▶ [Source records]
********************

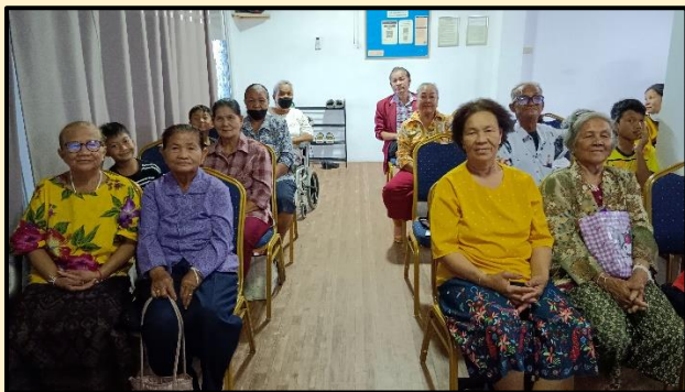
8 visitors from Dec. 16 and 12 visitors from Dec. 23.
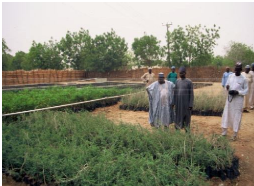
Pic 1. Supervision of planted seedlings in a nursery

Acacia seeds are dormant and hard and needs to be given some sort of pre-treatment for them to germinate faster. This has been reported by Mohammed et al. , (2017) , that generally members of the Leguminosae family have hard seed coat and contain less moisture. Adequate and dependable supply of water is needed during nursery sittings for adequate growth of the seedlings. Plants must be watered morning and evening daily by hand or irrigation system (Shettima et al. , 2017).
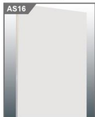
AS16 展板 Panel 1000W x 2500H mm
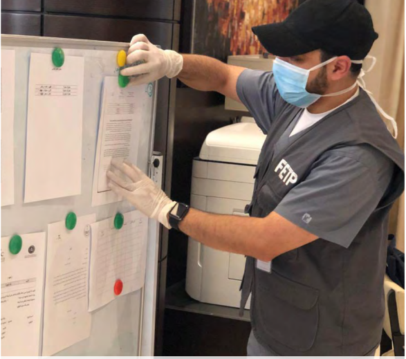
Saudi Arabia's FETP is the to be established in the EMR and is renowned for providing critical epidemiological support during Hajj season.

********************

▶ [What you need to do]
The data above should be returned in full, exactly as written, apart from its images.

▶ [Task solution]
8 visitors from Dec. 16 and 12 visitors from Dec. 23.
Pic 1. Supervision of planted seedlings in a nursery

Acacia seeds are dormant and hard and needs to be given some sort of pre-treatment for them to germinate faster. This has been reported by Mohammed et al. , (2017) , that generally members of the Leguminosae family have hard seed coat and contain less moisture. Adequate and dependable supply of water is needed during nursery sittings for adequate growth of the seedlings. Plants must be watered morning and evening daily by hand or irrigation system (Shettima et al. , 2017).
AS16 展板 Panel 1000W x 2500H mm
Saudi Arabia's FETP is the to be established in the EMR and is renowned for providing critical epidemiological support during Hajj season.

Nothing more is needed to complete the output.